Budget 2002 provided for an extension of Maternity Benefit from 14 consecutive weeks to 18 consecutive weeks. Budget 2006 provided for a further extension of Maternity Benefit from 18 weeks to 22 weeks. The special signing and payment arrangements which apply to JB customers are now for a period of 26 weeks in all cases

Hope this helps


----------



## ClubMan (13 Jun 2007)

Ah - I didn't see that! Thanks.


----------



## Welfarite (13 Jun 2007)

SW will not cut you off JB because of your pregnancy. They will facilitate you in whatever way they can to ensure you have continuity of payment.
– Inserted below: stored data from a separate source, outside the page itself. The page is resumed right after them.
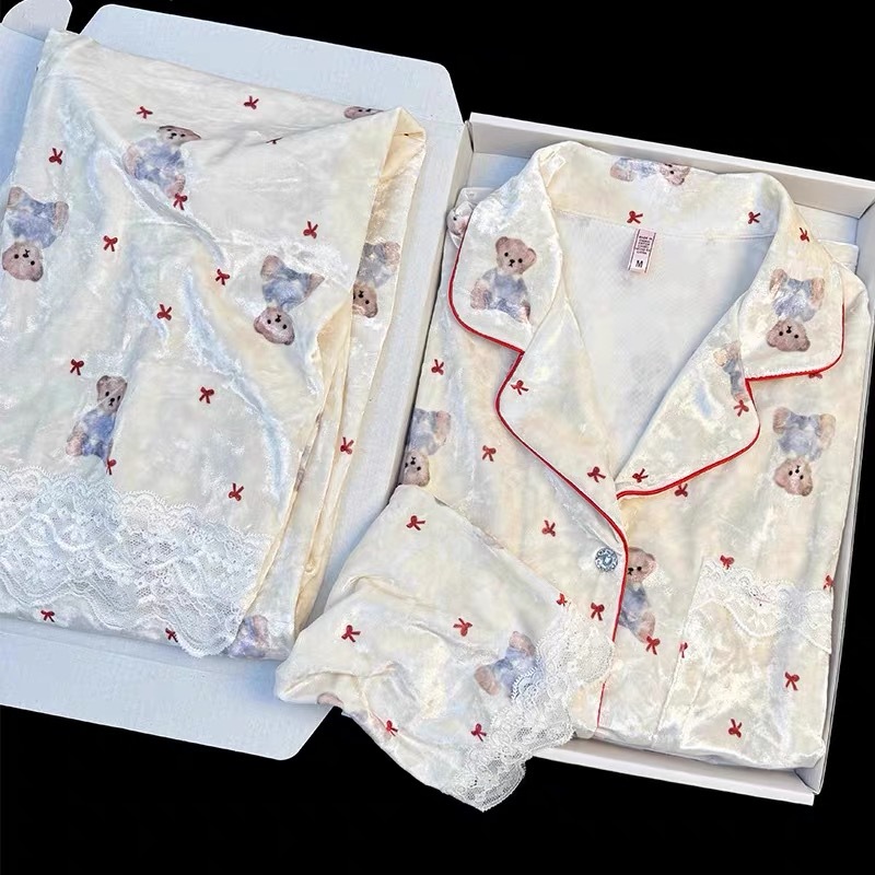 金丝绒保暖睡衣女秋冬新款圆领开衫长袖长裤少女国风家居服两件套
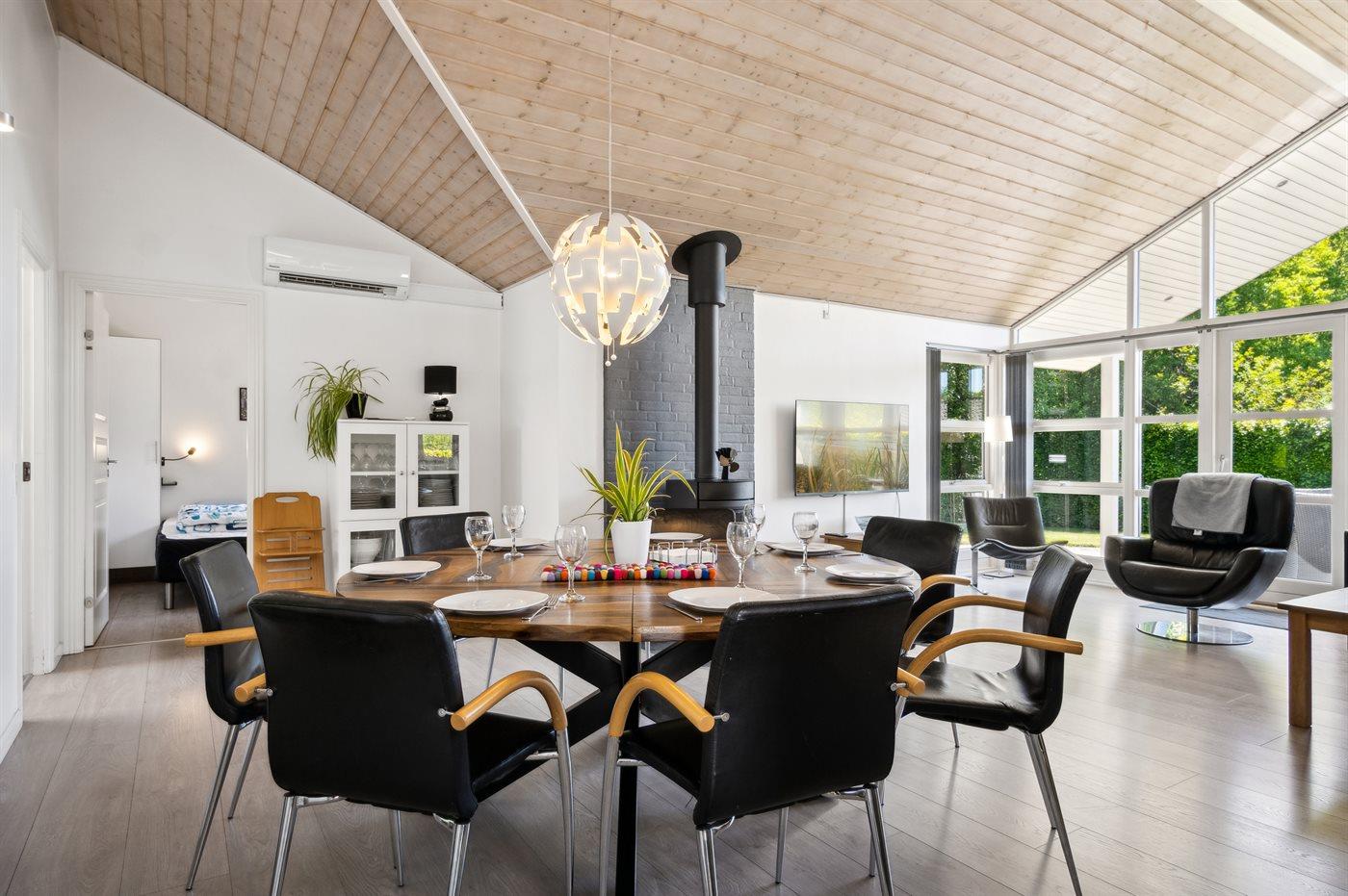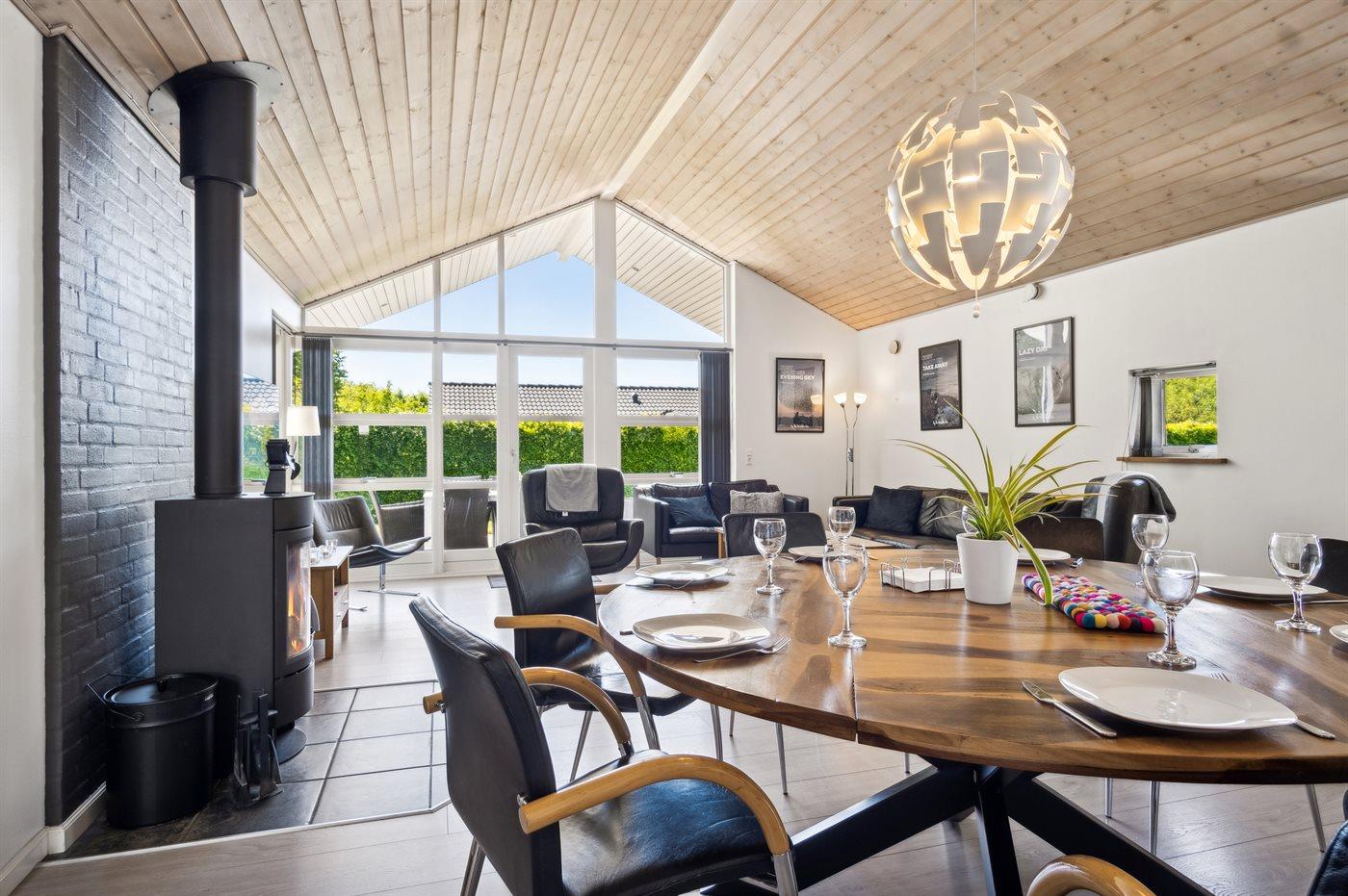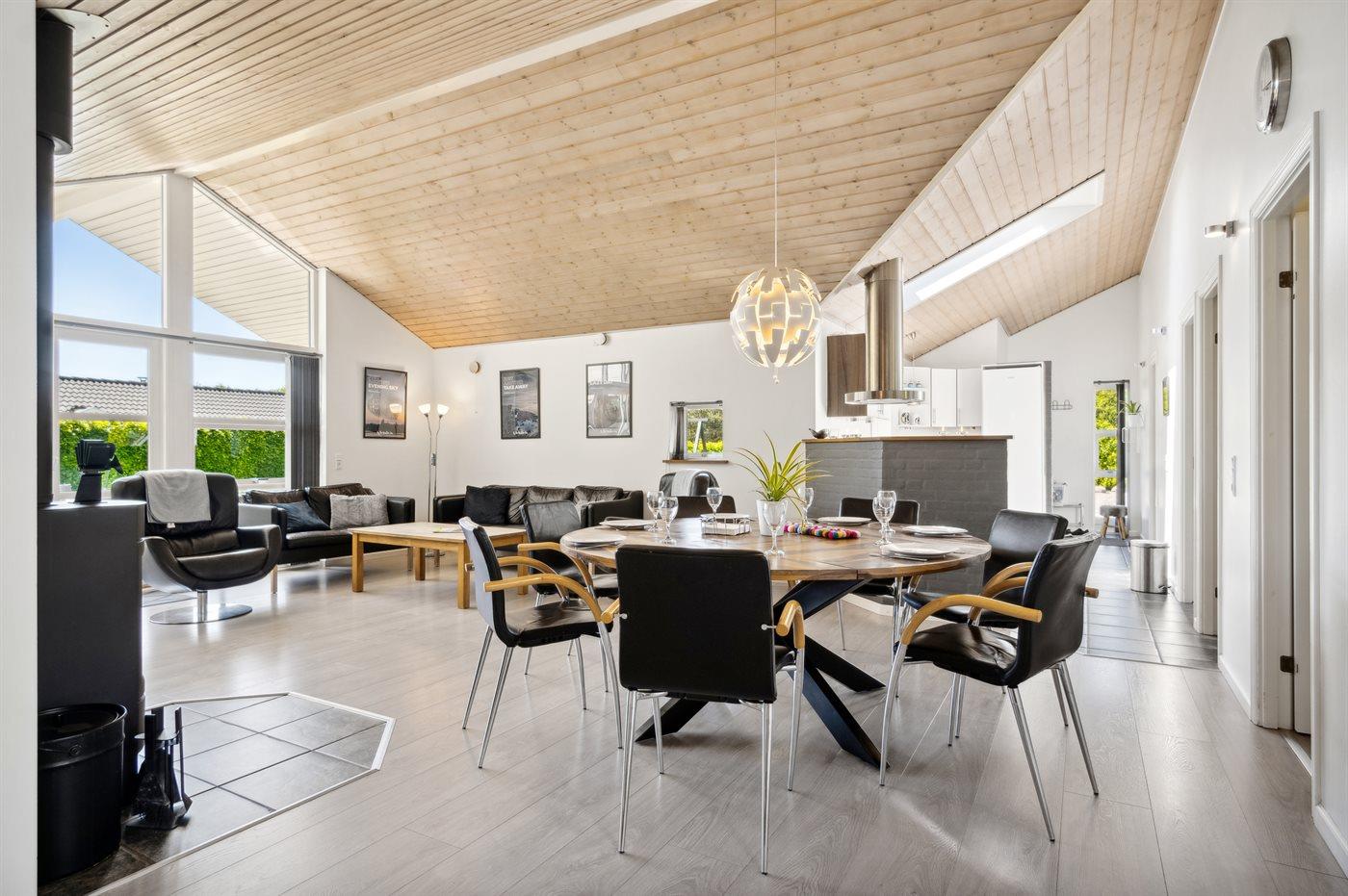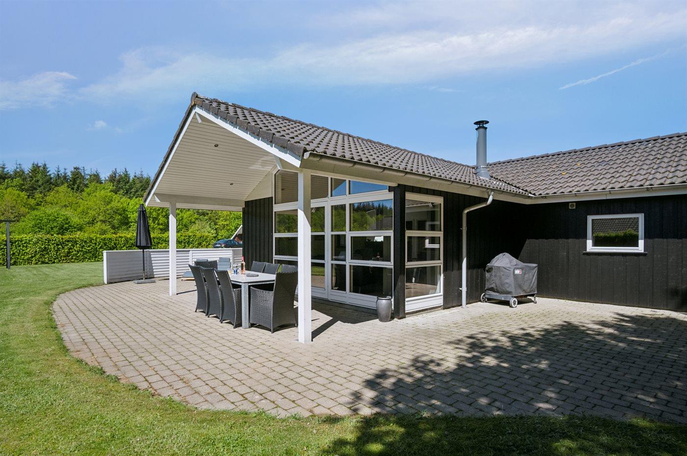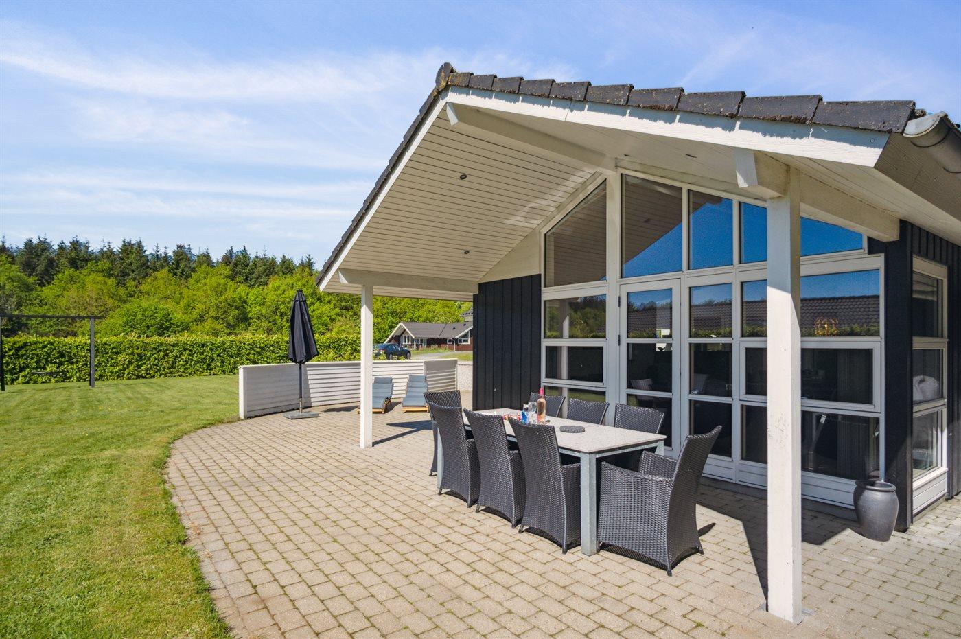 Flot, stort sommerhus meget tæt på svømmehallen, fiskesøen og legepladsen. Her er god plads til hele familien - også udenfor på den store terrasse.
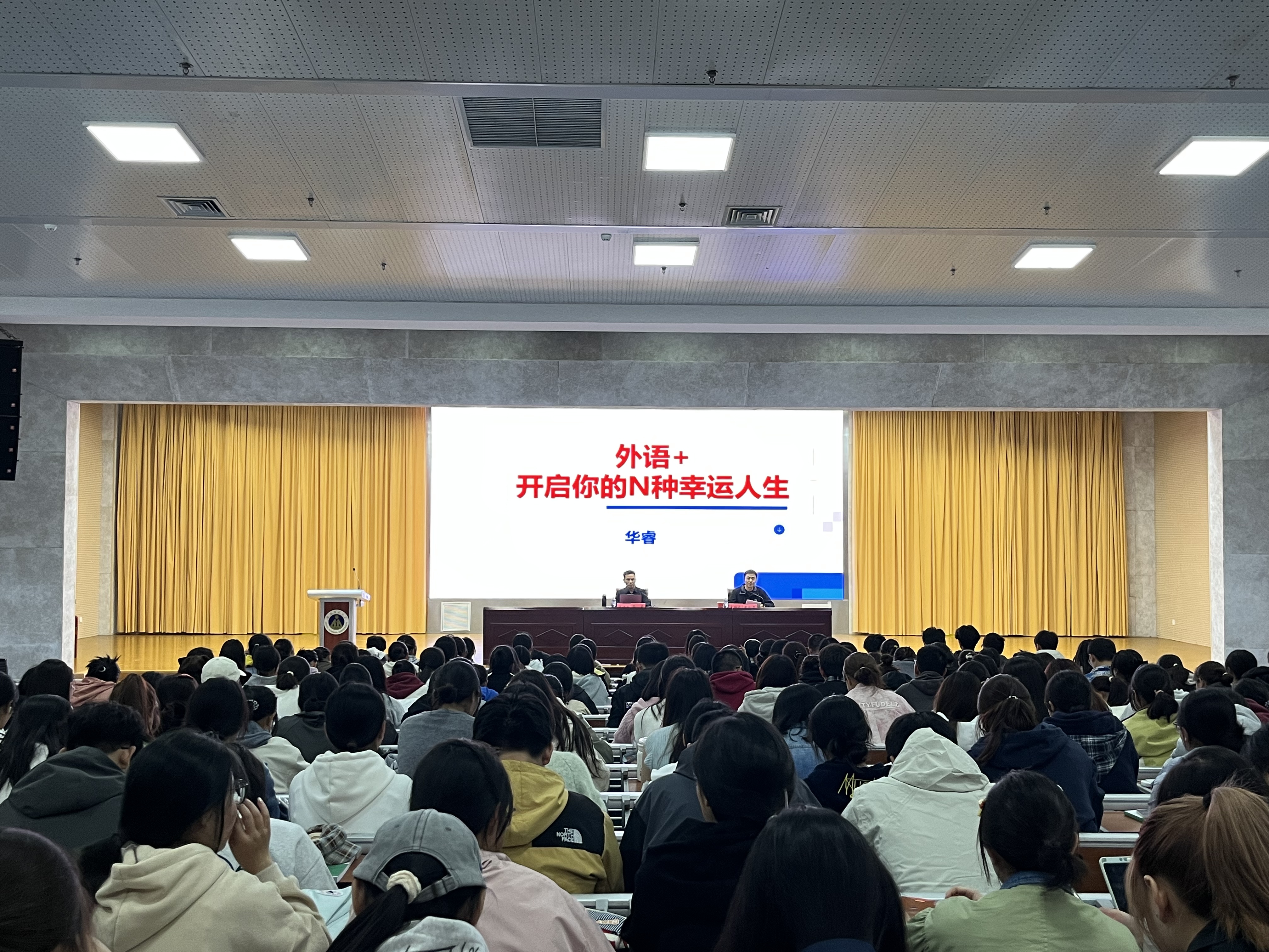 讲座中,华睿教授以《“外语+”开启你的N种幸运人生》为主题,围绕四大核心维度展开深度阐释:一是立足时代背景,解析人工智能时代的发展特征与人类社会变革趋势;二是聚焦专业发展,剖析人工智能浪潮为外语学子带来的全新机遇与挑战;三是结合实践案例,以“外语+传播”为典型范例,漫谈外语人才的跨界发展应对策略;四是紧扣教育转型,探讨“外语+”理念对高校外语专业教与学模式革新的倒逼作用。整场讲座紧密结合当下热点,以鲜活的身边人、身边事为切入点,生动阐释了新时代外语人树立“外语+”思维的重要性,引导新生以外语为核心媒介,在多领域深耕细作、实现多元复合型成长。

Talk to them in the local office if you are worried about it.


----------



## deem (13 Jun 2007)

would you not try to claim maternity benefit prior to having baby, not exactly sure what conditions but think for 2007 if employed in 2005 you may be entitled, this would maintin your availability to JB(NOT sure if its JB or JA that is capped time wise) for longer but would have to apply at lease a month prior to mat leave starting which has to be minimum two weeks prior to due date.

Maybe talk to some one at citizens advice or social welfare office


----------



## Welfarite (13 Jun 2007)

Deem, you have to be in employment  prior to Maternity Benefit to get it....


----------